Roma, ciudad abierta, una lectura

( Un film para abrir la historia )

Varios desafíos se plantean al escribir sobre Roma, ciudad abierta en el año 2014, a casi setenta años de su realización. El primero y acaso más importante tiene que ver con la dificultad de encontrar palabras a la altura del film, no ya de su factura, de sus diversos sentidos –político, estético, histórico– sino del efecto profundamente conmovedor que sigue generando la película aun cuando el espectador la haya visto antes unas cuantas veces. Pero no es este el único problema que encuentra quien pretende reflexionar sobre el film y sus conexiones con la historia del cine y con la historia en general, intentando encontrar en la trama y en su representación ciertos puntos de apoyo para pensar históricamente: como toda obra de arte, Roma, ciudad abierta desafía los esquemas interpretativos y desautoriza toda conclusión cerrada sobre el mundo, sobre el tiempo y sobre las personas. Aunque es posible que este conjunto de impresiones se apoye también en el prestigio ganado posteriormente por la obra y la personalidad de su director, es indudable que el film trasunta un valor y una importancia histórica fundamentales y que su lectura, parcial, problemática, compleja, exige tomar nota tanto de sus virtudes particulares como de sus efectos históricos principales.

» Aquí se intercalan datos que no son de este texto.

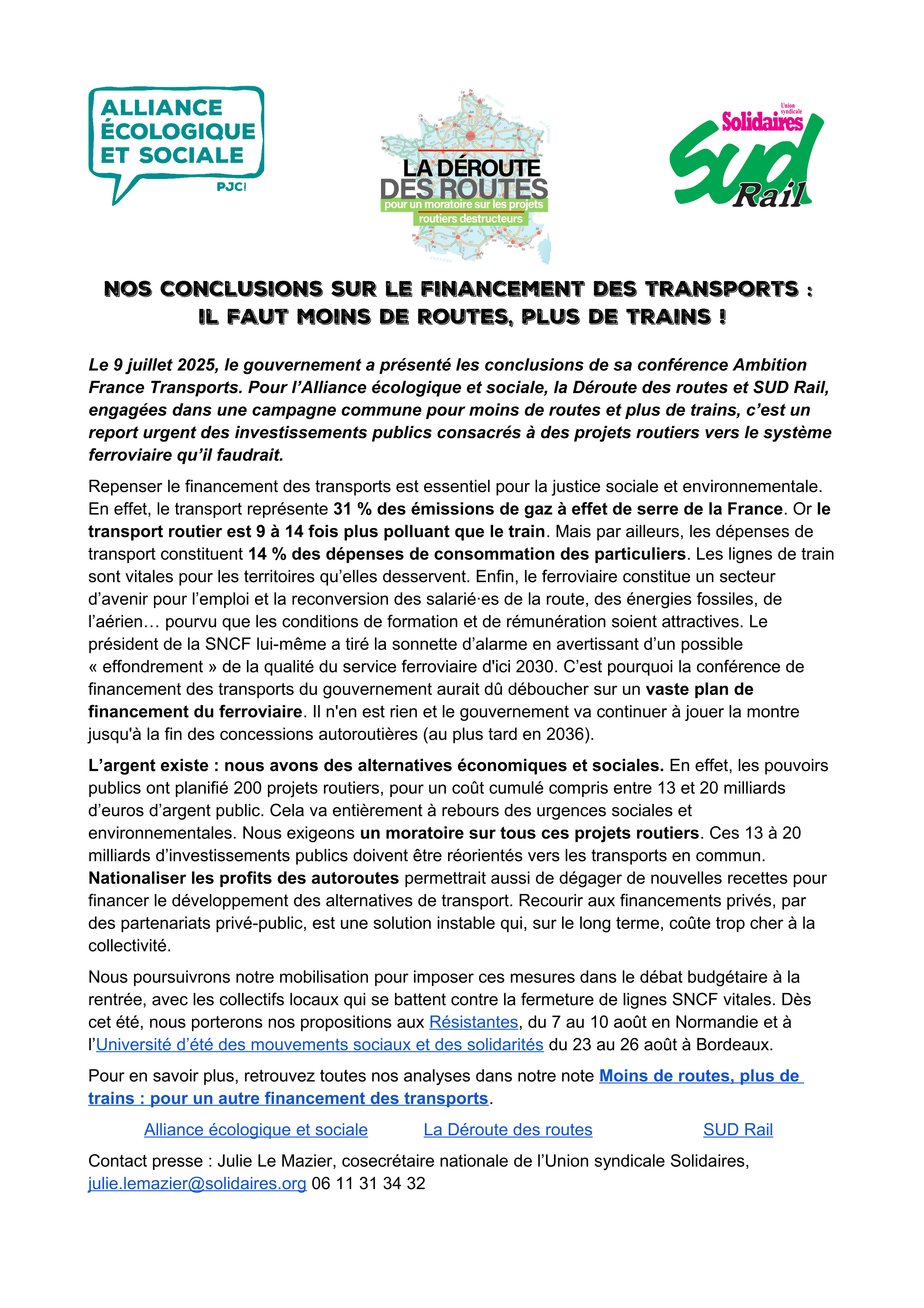 Nous poursuivrons notre mobilisation pour imposer ces mesures dans le débat budgétaire à la rentrée, avec les collectifs locaux qui se battent contre la fermeture de lignes SNCF vitales. Dès cet été, nous porterons nos propositions aux Résistantes, du 7 au 10 août en Normandie et à l’Université d’été des mouvements sociaux et des solidarités du 23 au 26 août à Bordeaux.

Roma, ciudad abierta es un film-acontecimiento, cuyo sentido revolucionario solo puede comprenderse analizándolo dentro de una perspectiva de largo plazo y reconociendo las diversas rupturas que implicó respecto de los procedimientos entonces vigentes para la producción cinematográfica. Más allá de sus características, la película es en sí misma una ruptura en la historia del cine, y este es un dato clave si se quiere atender a sus particularidades y pensar en sus múltiples sentidos y posibles conexiones. En principio, se reconoce al film como piedra basal del neorrealismo, movimiento que otros directores italianos llevarían a su cima y también a su agotamiento en las dos décadas siguientes. Pero Rossellini no buscaba fundar una nueva corriente cinematográfica, se proponía apenas contar una historia que los vecinos de la ciudad comentaban en la calle. Su película, iniciada en las postrimerías de la guerra y realizada en medio de múltiples dificultades económicas y técnicas, estuvo a punto de ser abandonada varias veces en pleno rodaje, en el momento de su edición e incluso en el de su distribución. Distintos azares confluyeron en su finalización y su estreno, repudiado este por público y crítica italianos en un país que buscaba alejarse pronto del traumático pasado reciente y de su memoria. En medio de todos los problemas que supuso el rodaje en una ciudad devastada, Roma… salió a la luz muy poco después de terminada la guerra, pero debió esperar su estreno internacional y, sobre todo, su lanzamiento en Estados Unidos, para recibir un primer reconocimiento que la pondría en carrera hacia la aclamación generalizada que los críticos franceses rendirían al film y a su director en los cincuenta.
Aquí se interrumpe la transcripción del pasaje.